Input data Block Start

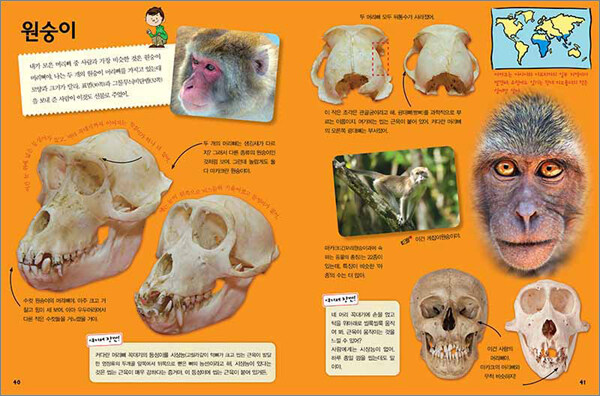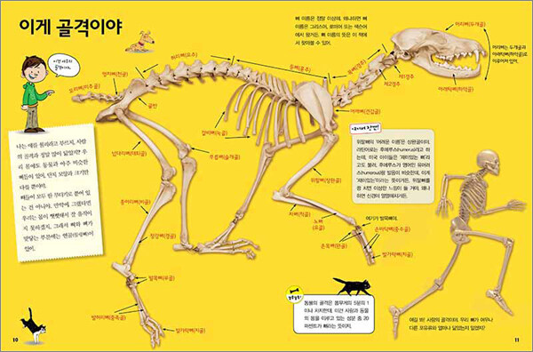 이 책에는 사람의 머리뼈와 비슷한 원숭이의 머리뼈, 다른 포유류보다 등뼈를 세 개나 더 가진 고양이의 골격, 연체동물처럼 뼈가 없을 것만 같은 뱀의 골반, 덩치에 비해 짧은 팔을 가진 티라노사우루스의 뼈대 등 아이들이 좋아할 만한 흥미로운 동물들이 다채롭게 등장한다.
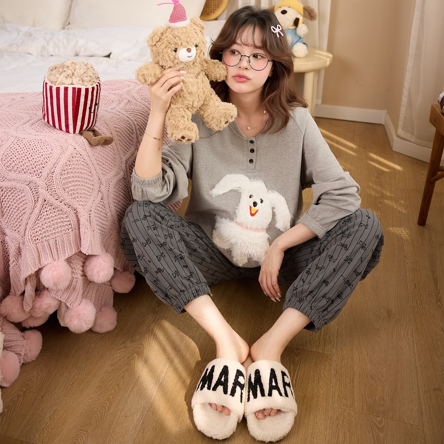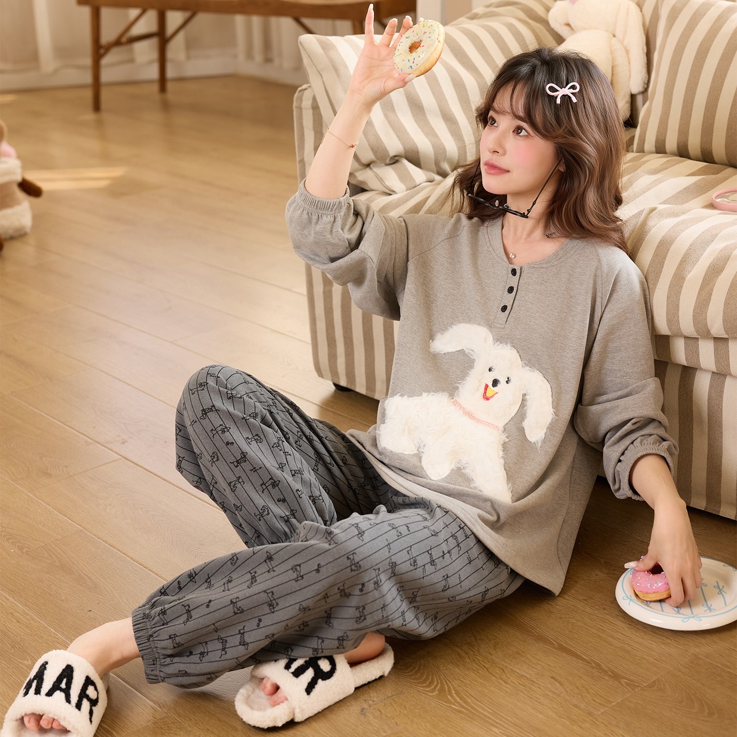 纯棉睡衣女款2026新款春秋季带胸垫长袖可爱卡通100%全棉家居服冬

Input data Block End
Input data Block Start

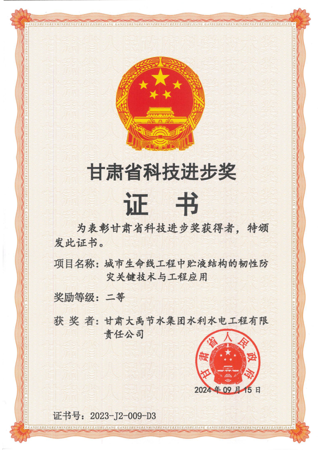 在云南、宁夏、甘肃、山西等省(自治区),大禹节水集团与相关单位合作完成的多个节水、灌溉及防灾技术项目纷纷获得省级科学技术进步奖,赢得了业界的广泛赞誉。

Input data Block End
Input data Block Start

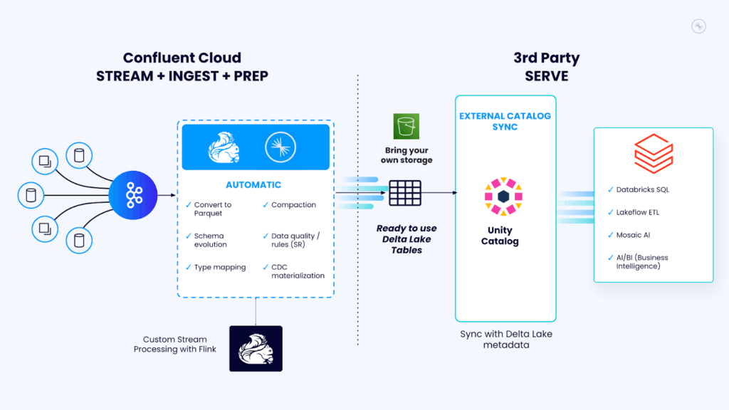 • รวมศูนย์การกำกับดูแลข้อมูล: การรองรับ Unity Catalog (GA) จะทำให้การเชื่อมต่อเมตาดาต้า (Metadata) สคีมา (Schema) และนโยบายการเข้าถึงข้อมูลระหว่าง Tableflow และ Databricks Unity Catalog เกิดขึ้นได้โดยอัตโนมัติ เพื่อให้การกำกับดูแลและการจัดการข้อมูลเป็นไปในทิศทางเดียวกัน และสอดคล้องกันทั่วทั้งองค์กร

Input data Block End

> [Task to complete] Output exactly the lines above that lie between the line with "이 책에는 사람의 머리뼈와" and the line with "纯棉睡衣女款2026新款春秋季带胸垫长袖可爱卡通100%全棉家居服冬", those two lines included, and no pictures.

> [Response for this exercise]
 이 책에는 사람의 머리뼈와 비슷한 원숭이의 머리뼈, 다른 포유류보다 등뼈를 세 개나 더 가진 고양이의 골격, 연체동물처럼 뼈가 없을 것만 같은 뱀의 골반, 덩치에 비해 짧은 팔을 가진 티라노사우루스의 뼈대 등 아이들이 좋아할 만한 흥미로운 동물들이 다채롭게 등장한다.
 纯棉睡衣女款2026新款春秋季带胸垫长袖可爱卡通100%全棉家居服冬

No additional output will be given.